Task prompt -
Beginning at the top of the data below, restate every line word for word until the line containing "Podujatia k SDMR 2014" has been included, and omit the pictures.

== Data shown ==

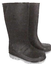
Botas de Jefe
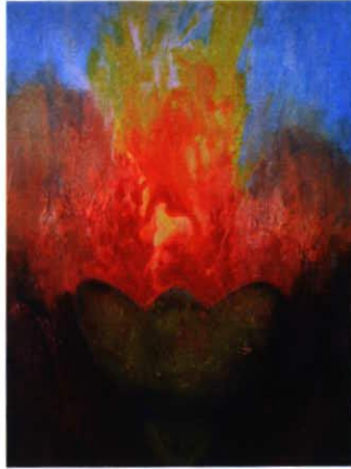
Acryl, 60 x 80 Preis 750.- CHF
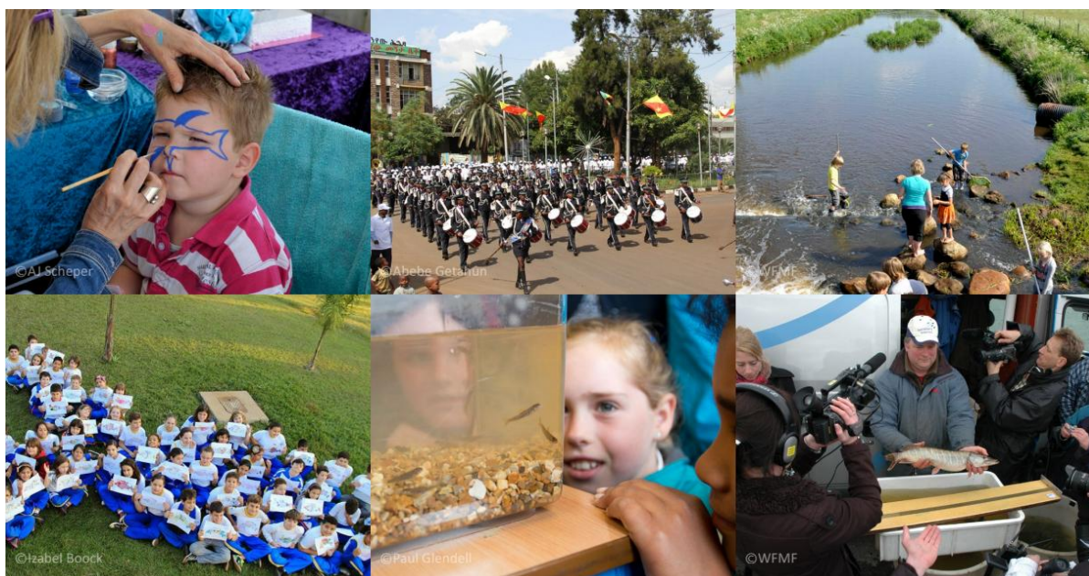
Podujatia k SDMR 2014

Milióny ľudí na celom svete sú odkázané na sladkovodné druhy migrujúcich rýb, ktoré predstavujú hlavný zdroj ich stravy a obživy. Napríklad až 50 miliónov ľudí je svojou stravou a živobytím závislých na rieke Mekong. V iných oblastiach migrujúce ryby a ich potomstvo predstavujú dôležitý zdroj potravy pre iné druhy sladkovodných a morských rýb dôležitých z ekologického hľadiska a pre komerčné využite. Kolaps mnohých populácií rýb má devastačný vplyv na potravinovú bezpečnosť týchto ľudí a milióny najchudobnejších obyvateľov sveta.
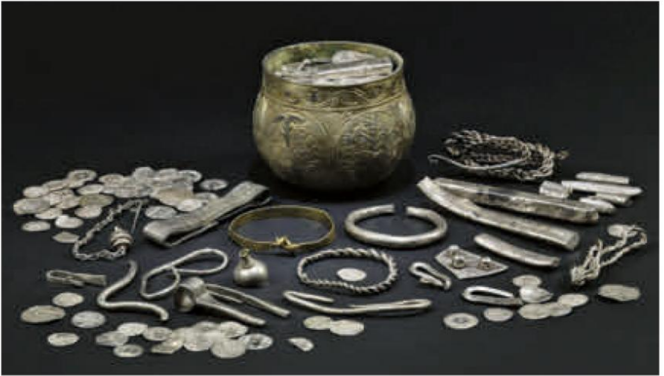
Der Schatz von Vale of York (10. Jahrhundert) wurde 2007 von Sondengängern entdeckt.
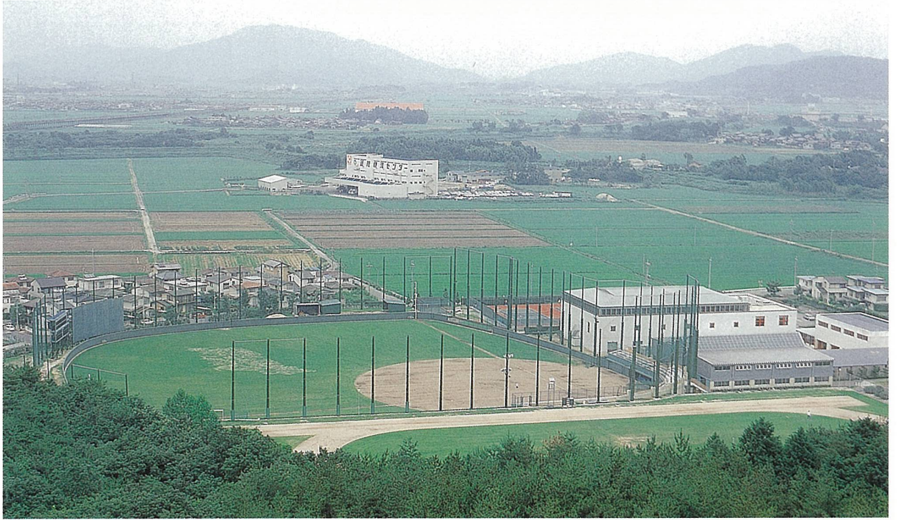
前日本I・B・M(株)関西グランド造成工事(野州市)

===

Response area -
Botas de Jefe
Acryl, 60 x 80 Preis 750.- CHF
Podujatia k SDMR 2014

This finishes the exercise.